_Provided material_:
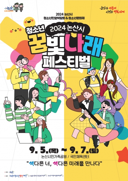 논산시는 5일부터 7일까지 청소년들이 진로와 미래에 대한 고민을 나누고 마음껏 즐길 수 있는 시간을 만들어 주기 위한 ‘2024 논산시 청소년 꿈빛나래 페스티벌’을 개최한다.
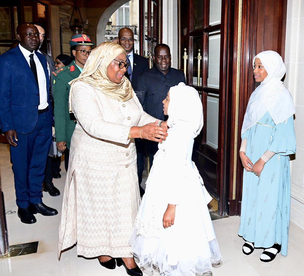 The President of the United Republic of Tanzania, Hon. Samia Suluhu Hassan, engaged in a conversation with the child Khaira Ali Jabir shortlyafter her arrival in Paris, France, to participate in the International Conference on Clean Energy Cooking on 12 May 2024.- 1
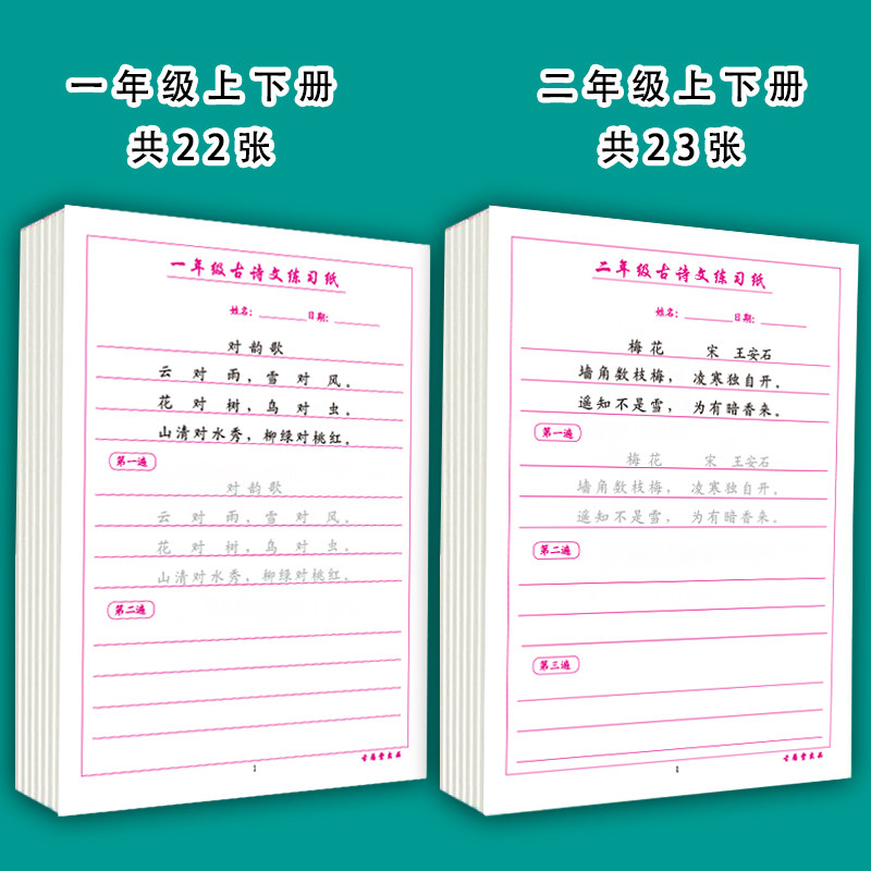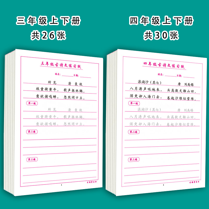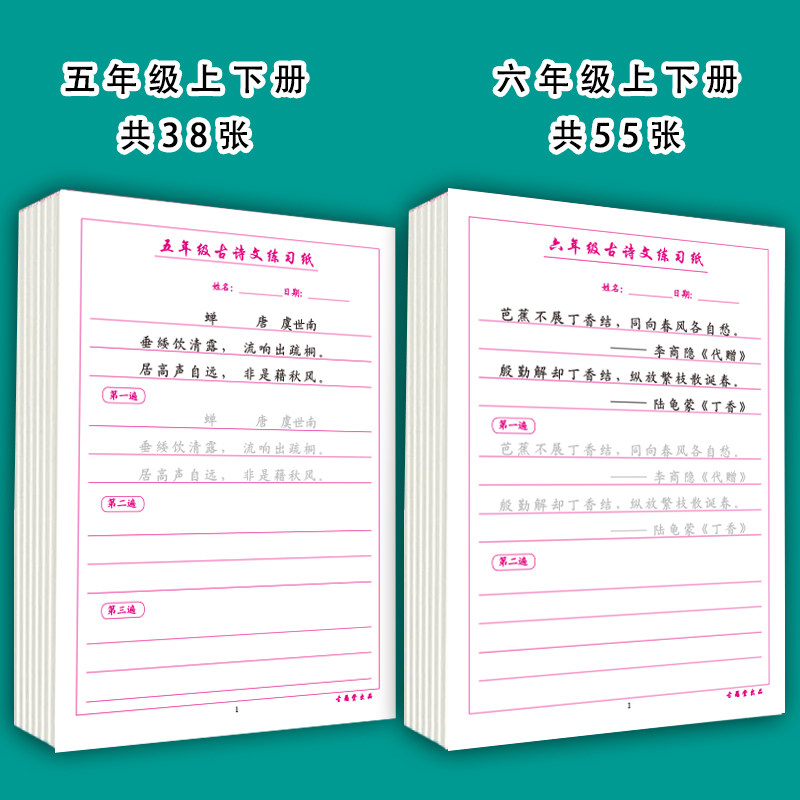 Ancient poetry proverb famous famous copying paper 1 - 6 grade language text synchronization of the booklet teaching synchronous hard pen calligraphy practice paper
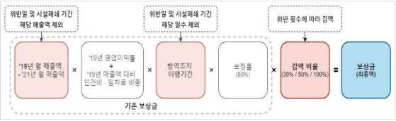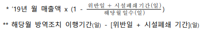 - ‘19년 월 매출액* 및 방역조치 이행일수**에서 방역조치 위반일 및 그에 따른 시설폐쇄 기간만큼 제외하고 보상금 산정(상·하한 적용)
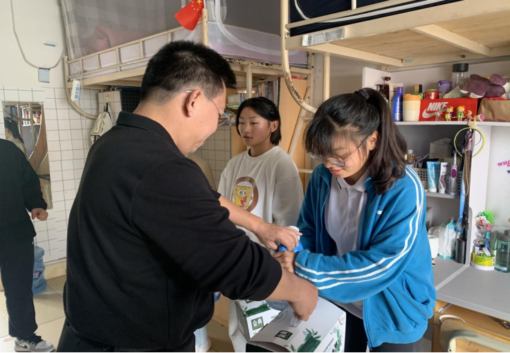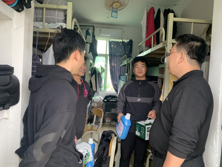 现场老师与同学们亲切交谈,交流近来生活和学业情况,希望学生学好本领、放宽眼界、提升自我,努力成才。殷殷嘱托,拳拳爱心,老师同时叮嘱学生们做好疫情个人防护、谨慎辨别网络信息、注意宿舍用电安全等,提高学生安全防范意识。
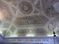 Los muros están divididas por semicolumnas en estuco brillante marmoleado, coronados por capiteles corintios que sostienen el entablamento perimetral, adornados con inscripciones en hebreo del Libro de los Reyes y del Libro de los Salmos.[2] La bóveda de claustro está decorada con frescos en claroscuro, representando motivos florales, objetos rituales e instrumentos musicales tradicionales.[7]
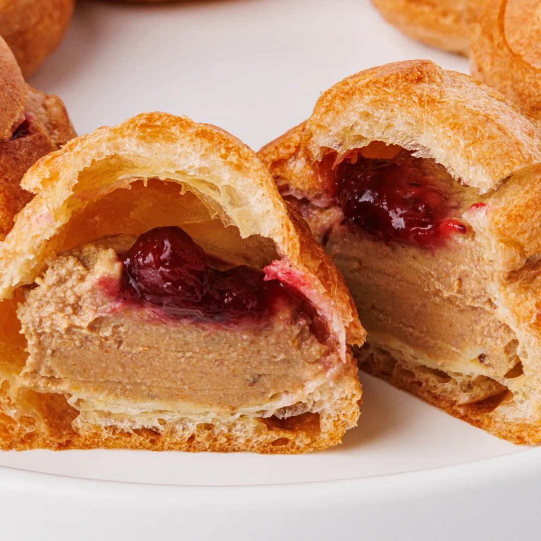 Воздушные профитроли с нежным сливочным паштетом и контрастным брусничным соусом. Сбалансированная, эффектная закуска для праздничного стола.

==

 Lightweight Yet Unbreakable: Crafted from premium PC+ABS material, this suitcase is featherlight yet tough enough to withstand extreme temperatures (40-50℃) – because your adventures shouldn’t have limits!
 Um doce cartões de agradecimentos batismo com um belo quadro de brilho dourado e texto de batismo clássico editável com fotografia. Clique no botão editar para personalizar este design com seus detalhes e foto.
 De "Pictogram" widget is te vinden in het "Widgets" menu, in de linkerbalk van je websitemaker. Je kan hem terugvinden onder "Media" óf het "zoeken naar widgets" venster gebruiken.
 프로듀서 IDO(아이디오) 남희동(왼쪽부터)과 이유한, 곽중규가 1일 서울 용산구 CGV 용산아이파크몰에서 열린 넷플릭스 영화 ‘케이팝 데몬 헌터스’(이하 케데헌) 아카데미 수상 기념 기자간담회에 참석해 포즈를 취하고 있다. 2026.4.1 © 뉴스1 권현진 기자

---

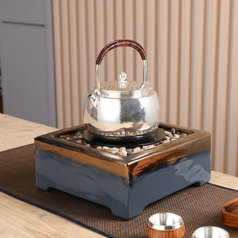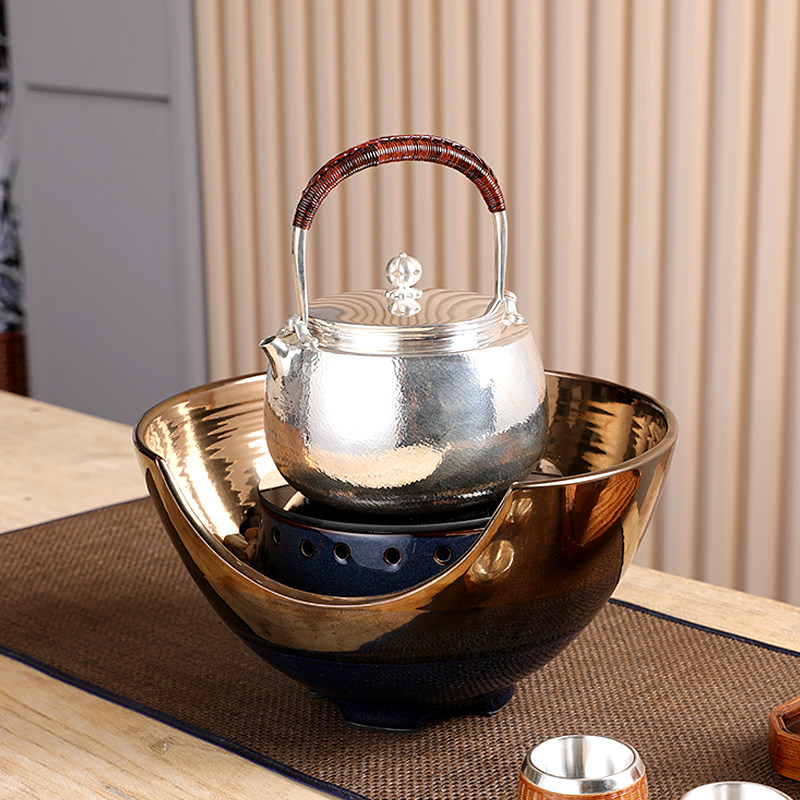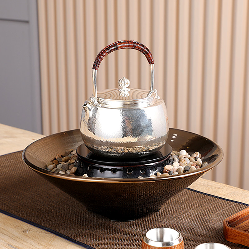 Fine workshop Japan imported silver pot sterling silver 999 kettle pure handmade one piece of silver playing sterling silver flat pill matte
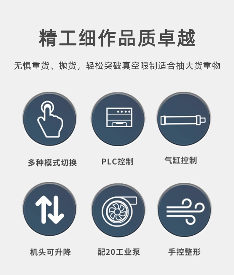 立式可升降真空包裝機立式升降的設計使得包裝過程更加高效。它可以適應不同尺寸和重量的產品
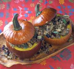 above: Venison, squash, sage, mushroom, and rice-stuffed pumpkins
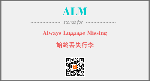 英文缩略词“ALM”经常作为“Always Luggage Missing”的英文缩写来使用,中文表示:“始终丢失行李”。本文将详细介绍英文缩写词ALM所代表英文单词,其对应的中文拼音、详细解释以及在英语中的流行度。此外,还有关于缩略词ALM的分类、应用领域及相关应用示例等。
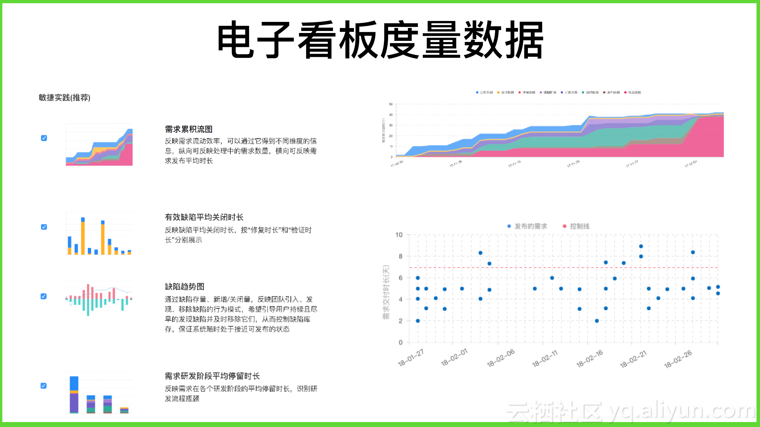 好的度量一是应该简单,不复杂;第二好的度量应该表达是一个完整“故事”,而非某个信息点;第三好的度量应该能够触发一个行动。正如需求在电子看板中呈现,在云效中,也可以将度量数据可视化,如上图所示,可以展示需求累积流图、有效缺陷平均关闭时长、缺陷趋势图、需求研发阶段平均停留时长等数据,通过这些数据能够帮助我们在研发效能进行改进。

_Brief_: Scan the lines above for "Um doce cartões" and for "프로듀서 IDO(아이디오) 남희동(왼쪽부터)과". Repeat exactly the line holding each of them and every line in between.

_Answer to this problem_:
 Um doce cartões de agradecimentos batismo com um belo quadro de brilho dourado e texto de batismo clássico editável com fotografia. Clique no botão editar para personalizar este design com seus detalhes e foto.
 De "Pictogram" widget is te vinden in het "Widgets" menu, in de linkerbalk van je websitemaker. Je kan hem terugvinden onder "Media" óf het "zoeken naar widgets" venster gebruiken.
 프로듀서 IDO(아이디오) 남희동(왼쪽부터)과 이유한, 곽중규가 1일 서울 용산구 CGV 용산아이파크몰에서 열린 넷플릭스 영화 ‘케이팝 데몬 헌터스’(이하 케데헌) 아카데미 수상 기념 기자간담회에 참석해 포즈를 취하고 있다. 2026.4.1 © 뉴스1 권현진 기자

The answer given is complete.